Narrativa circular que reencontramos em Fassbinder:
a crueldade em filmes como O Medo
Devora a Alma e Fox and his friends cresce
sob o verniz dos apartamentos burgueses, ou entre
as
rachaduras dos apartamentos pobres. O mundo se torna
cruel na medida em que se configura como um conjunto
de casas, paredes, cômodos, cortinas, escadarias, guarda-roupas,
ou seja, na medida em que estabelece o figurino
de A e o de B, o palco onde as relações sociais e familiares
(preconceitos e injustiças
inclusos) se fazem presentes.
Os personagens dos melodramas de Sirk são espíritos
exaustos, consumidos pelas paixões mal resolvidas
e pelo luto. Eles sofrem de uma sobrecarga. As emoções
se tornam, portanto, mais dispendiosas, mais veementes,
mais físicas. Como Imitation of Life repetiria depois, Palavras ao Vento é um filme despido
da dimensão catártica. O desfecho é menos uma reabsorção
miraculosa dos conflitos do que um golpe seco da narrativa
(em Magnificent Obsession
e Tudo que o Céu Permite os
happy ends já não eram plenos). O lado aprisionante
dessa vida compartimentada por paredes e cômodos
luxuosos se confirma ao final de tudo, não
pode ser mudado. É o oposto da comédia
romântica Boêmio Encantador (Holiday, 1938),
de George Cukor. Lá encontramos um núcleo
dramático bastante parecido com o de Palavras
ao Vento: um pai viúvo e milionário,
duas filhas, um filho alcoólatra, uma mansão
opulente e um novo indivíduo que vem se incorporar à família.

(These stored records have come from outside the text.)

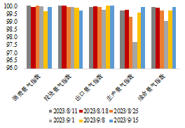 ICHI指数显示中国经济加速回暖。基于高频合成指标构建法,我们分别构建了周度频率的消费高频景气指数、投资高频景气指数、出口高频景气指数、生产高频景气指数这四个子指标,每个指标的构成均全面衡量了高频数据的趋势项和波动项变化,从而更精确地评估整体经济健康状况。我们对这四个子指数与相关月度经济数据之间的关联进行了详尽的检验。这项分析涵盖了社零销售数据,固定资产投资数据,出口数量以及工业增加值核心经济指标。结果表明,这些子指数与这些经济数据之间存在着较为显著的正向关联性,反映了四个景气指数可以较好的勾勒出核心经济指标的动态走向,且具有一定的前瞻性。进一步,为了综合反映整体经济的健康状况,我们结合四大景气指数构建了全面衡量中国经济活动高频变化的综合高频景气指数。基于四个高频景气指标对GDP增速的拟合结果,我们赋予生产侧指标30%的权重、需求侧指标70%的权重。其中,需求侧内关于消费、投资、出口的具体权重基于它们对GDP同比增长的贡献率进行分配。通过与综合PMI进行对比,可以发现综合高频景气指标具有一定的先行性。近期高频景气指数显示中国经济活动表现回暖,经济内生支持性正在增强(图2)。2023年9月以来,前两周的高频景气指数显示,相比于8月,中国综合高频景气指数持续走强,表明中国经济内生动力不断增强,考虑到消费反弹具有趋势复苏迹象,中国经济整体有望四季度加速回暖。具体来看,消费和出口方面9月中旬显著改善,反映内外部需求边际恢复加速。尽管外需的不确定性仍大,但内需的回升具有趋势性特征。投资方面,9月高频投资景气指数存在一些下滑,但随着地产政策进一步放松和专项债的持续支持,投资总体仍将保持稳健态势。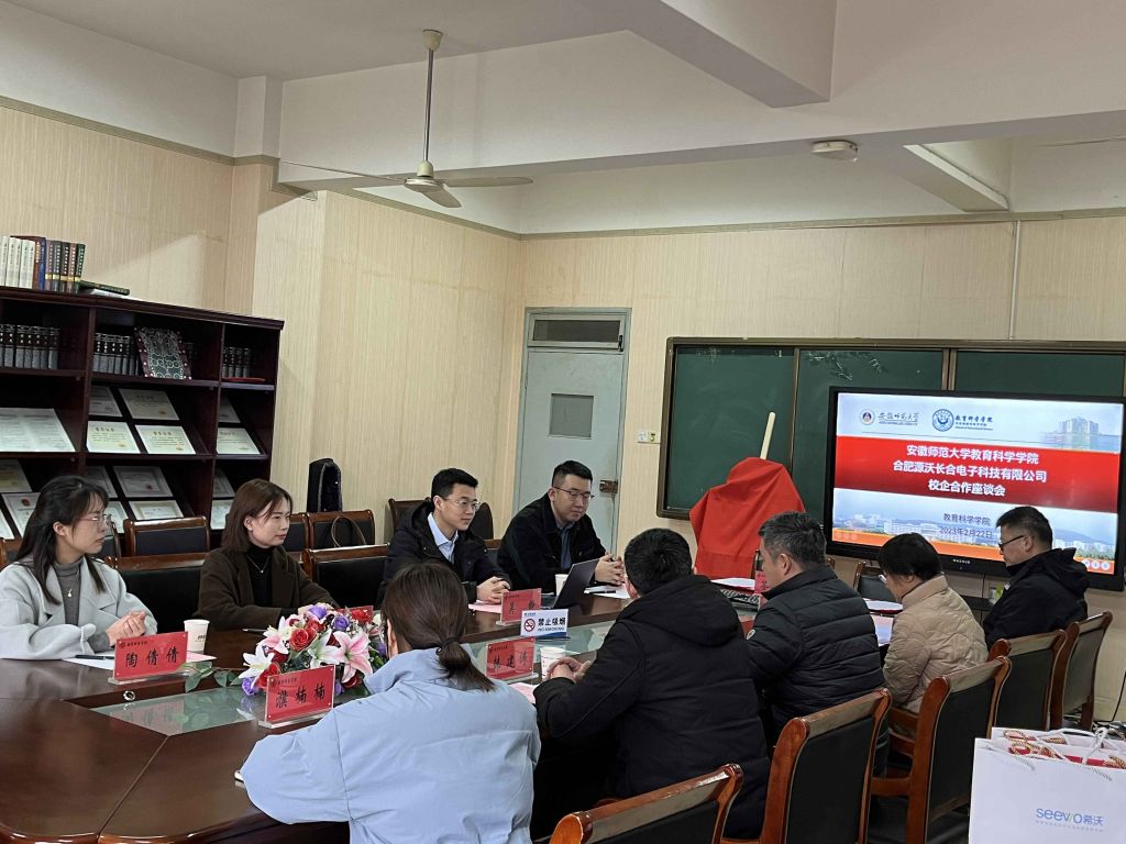 本网讯(教科院)2月22日下午14:00,公司在田家炳教育书院B座408会议室召开与合肥源沃长合电子科技有限公司的校企合作座谈会。合肥源沃长合电子科技有限公司营销平台总经理吴铮,营销平台经理方超,校园服务经理殷培培,市场经理陶倩倩,公司经理李宜江,副经理韩建涛,教育技术系肖文、袁晓斌、濮楠楠等教师参加了座谈会。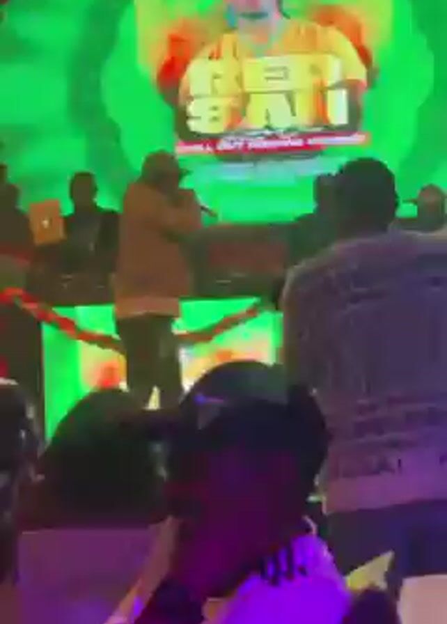A live musical performance is underway at what appears to be a nightclub or concert venue. A male performer wearing a tan jacket is on stage in front of a large screen displaying graphics and text "RED SAI". The lighting is colorful, with changing patterns on the screen. Several people are in front of the stage, some holding cell phones, possibly recording the performance. The environment is crowded, and the focus is on the stage and the performance.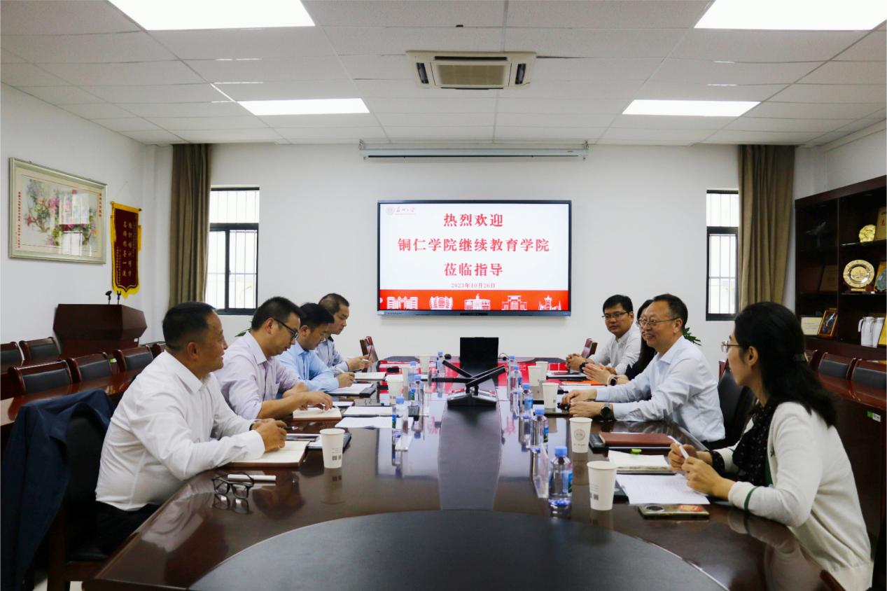 10月26日,铜仁学院继续教育学院院领导成昊、杨忠飞,国际合作与交流处副处长李念,培训中心主任陈波一行四人来校调研。我校继续教育学院院领导缪世林、董娜,国际合作交流处徐雯彦科长,继续教育学院培训部主任陈耀、事业发展部主任鲍小娟参加调研。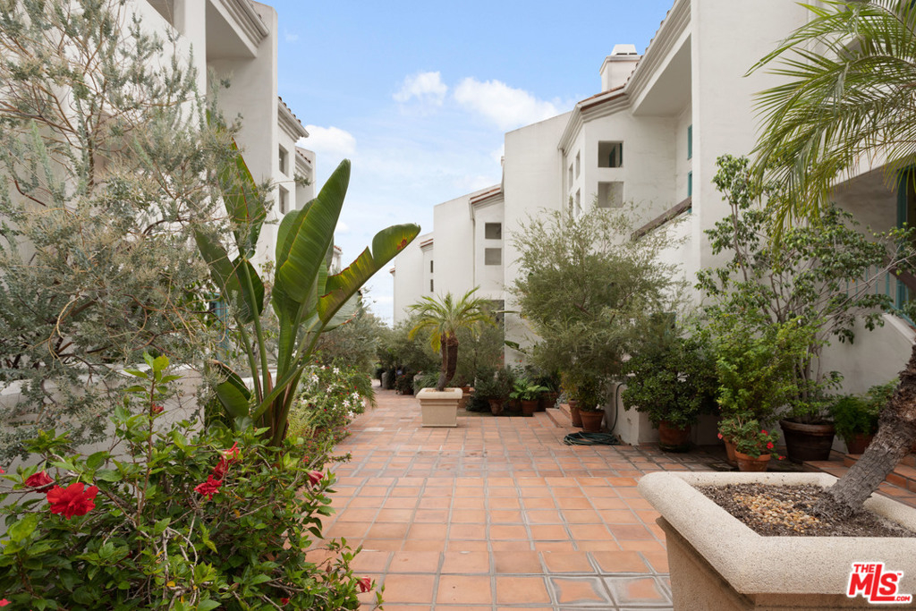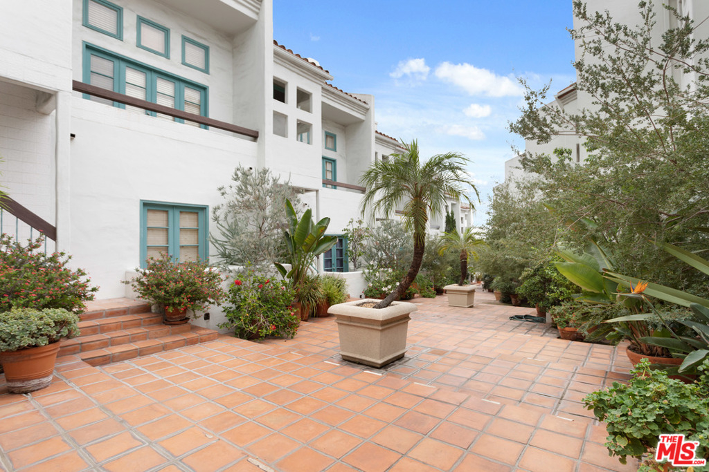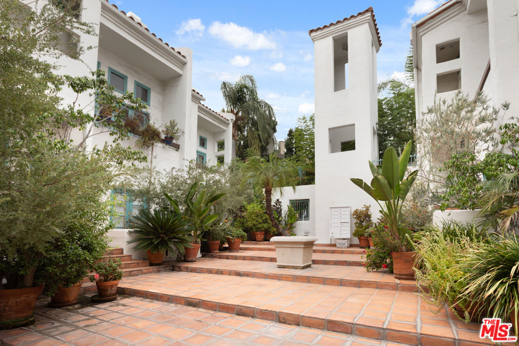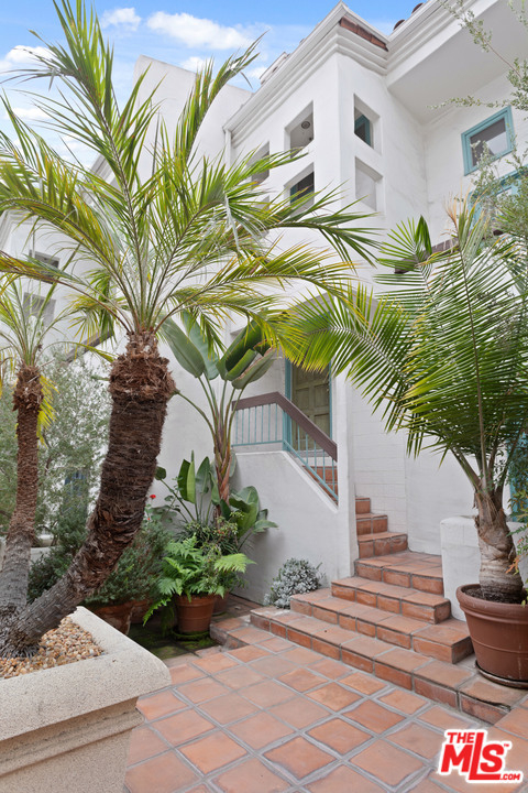 Tranquil Mediterranean courtyard townhome conveniently positioned within the heartbeat of West Hollywood. Move in or make this your own by utilizing every angle of the desirable multi-level townhome with private direct entry 2 car garage to create its maximum potential, allowing any or all aspects to be reimagined by your taste & custom style throughout. Open and bright vaulted ceiling living room with exposed stairway, featured fireplace, and French doors leading to large balcony. Dining area with step-out balcony, large pantry, with an easy transition from the cozy kitchen. Top-level loft area perfect for home office/flex space leading to spacious and private rooftop sun deck with wet bar. Downstairs provides 2 bedrooms with step-out balconies and en-suite bathrooms. Lower-level laundry area with direct entry garage makes this feel like a home.
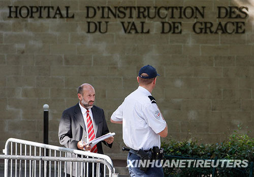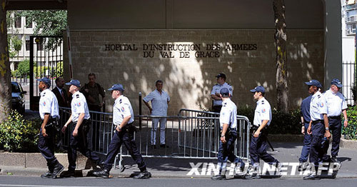 7月26日,安全人員在法國首都巴黎的瓦勒德格拉斯軍隊醫院門口警戒。當日,法國總統薩科齊因身體不適,被送往瓦勒德格拉斯軍隊醫院接受檢查和治療。隨后,法國總統府秘書長克洛德·蓋昂向媒體表示,薩科齊目前仍在醫院接受治療,不過他的病情已無大礙。 新華社/法新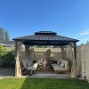 PURPLE LEAF 10' x 12'Outdoor Hardtop Gazebo Metal Frame Galvanized Steel Double Roof with Curtains and Nettings for Patio Desk Backyard Bronze

O personagem do filho alcoólatra é quem
melhor permite estabelecer a diferença entre
os dois filmes: em Holiday, ele é ao
mesmo tempo o alívio cômico e o agente
reconciliador (através de seus conselhos à irmã mais
nova); em Palavras ao Vento, o alcoólatra
da família possui outra medida, ele nada tem
de aliviante, tampouco de reconciliador, suas atitudes
são o estopim dos acontecimentos inconvenientes. Holiday é uma
comédia de casamento; Palavras ao Vento,
um melodrama. O melodrama é esse momento em
que a ficção familiar, com suas relações
entre pais, filhos, irmãos, cônjuges,
assim como suas heranças, suas rivalidades,
tudo isso se depara com o trágico e o irreconciliável.
O final de Palavras
ao Vento é implacável. O portão é fechado pelo empregado da mansão (quase um vulto no filme, diferente do papel central que a empregada de Imitation of Life teria). Lá
dentro, Marylee se entrega ao choro agarrada à maquete
da torre de petróleo sobre a mesa do escritório.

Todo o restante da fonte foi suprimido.